SciDB: An Open-Source DBMS for Scientific Data

by Michael Stonebraker

SciDB is a native array DBMS that combines data management and mathematical operations in a single system. It is an open source system that can be downloaded from SciDB.org

SciDB is an open-source DBMS oriented toward the data management needs of scientists. As such it mixes statistical and linear algebra operations with data management ones, using a natural nested multi-dimensional array data model. We have been working on the code for three years, most recently with the help of venture capital backing. Currently, there are 14 full-time professionals working on the code base.

SciDB runs on Linux and manages data that can be spread over multiple nodes in a computer cluster, connected by TCP/IP networking. Data is stored in the Linux file system on local disks connected to each node. Hence, it uses a “shared nothing” software architecture.

The data model supported by SciDB is multi-dimensional arrays, where each cell can contain a vector of values. Moreover, dimensions can be either the standard integer ones or they can be user-defined data types with non-integer values, such as latitude and longitude. There is no requirement that arrays be rectangular; hence SciDB supports “ragged” arrays.
Access is provided through an array-version of SQL, which we term AQL. AQL provides facilities for filtering arrays, joining arrays and aggregation over the cell values in an array. Moreover, Postgres-style user-defined scalar functions, as well as array functions are provided.

In addition, SciDB contains pre-built popular mathematical functions, such as matrix multiply, that operate in parallel on multiple cores on a single node as well as across nodes in a cluster.

Other notable features of SciDB include a no-overwrite storage manager that retains old values of updated data, and provides Postgres-style “time travel” on the various versions of a cell. Moreover, we have extended SciDB with support for multiple notions of “null”. Using this capability, users can distinguish multiple semantic notions, such as “data is missing but it is supposed to be there” and “data is missing and will be present within 24 hours”. Standard ACID transactions are supported, as is an interface to the statistical package R, which can be used to run existing R scripts as well as to visualize the result of SciDB queries.

Our storage manager divides arrays, which can be arbitrarily large, into storage “chunks” which are partitioned across the nodes of a cluster and then allocated to disk blocks. Worthy chunks are also cached in main memory for faster access.

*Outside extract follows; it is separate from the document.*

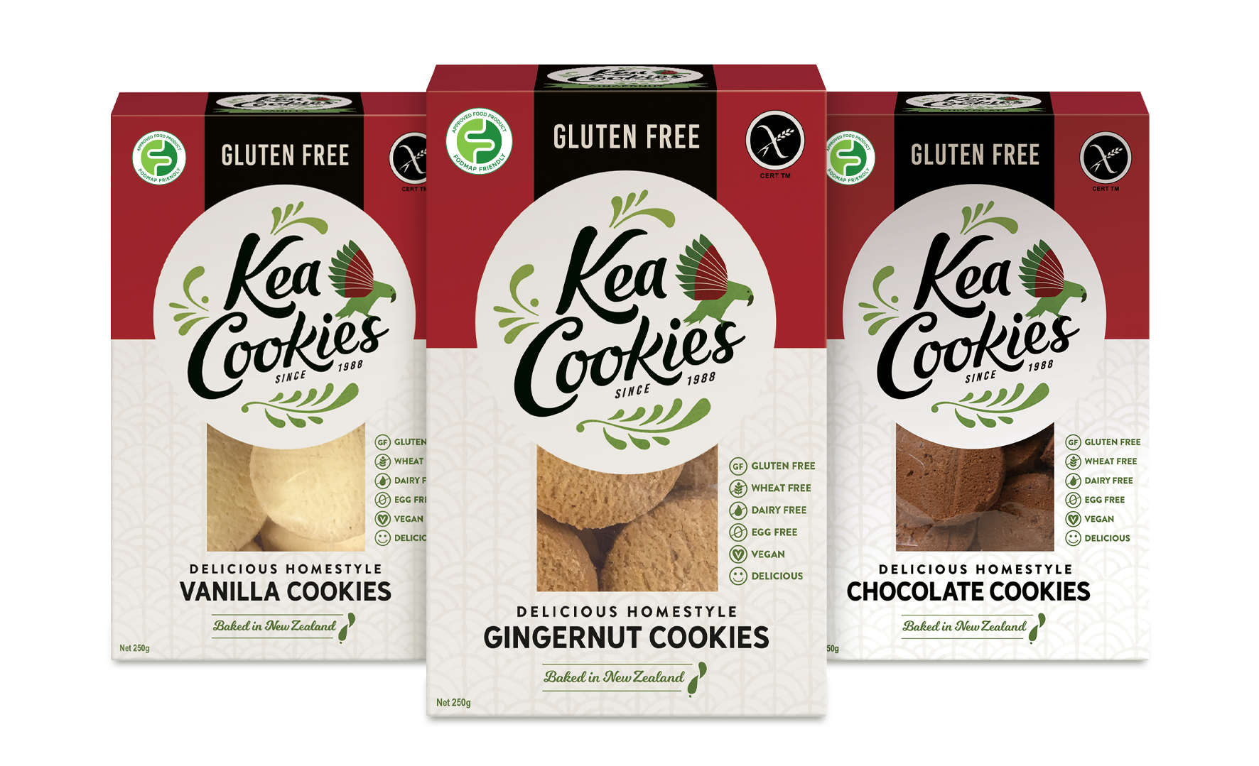 Kea Cookies was born out of love and necessity in 1988, when the original owner wanted to create cookies that were safe and delicious for his coeliac children. This personal motivation laid the foundation for a brand that cares deeply about the needs of people with food sensitivities. In 2014, Andrew and Nicole Hardie, together with Nicole’s father, John Xanthopol, purchased Kea Cookies and have run it as a family business, continuing to grow the brand while staying true to its core values.

We have benchmarked SciDB against Postgres on an astronomy-style workload that typifies the load provided by the Large Synoptic Survey Telescope (LSST) project. On this benchmark, SciDB outperforms Postgres by 2 orders of magnitude. We have also benchmarked SciDB analytics against those in R. On a single core, we offer comparable performance; however SciDB scales linearly with additional cores and additional nodes, a characteristic that does not apply to R.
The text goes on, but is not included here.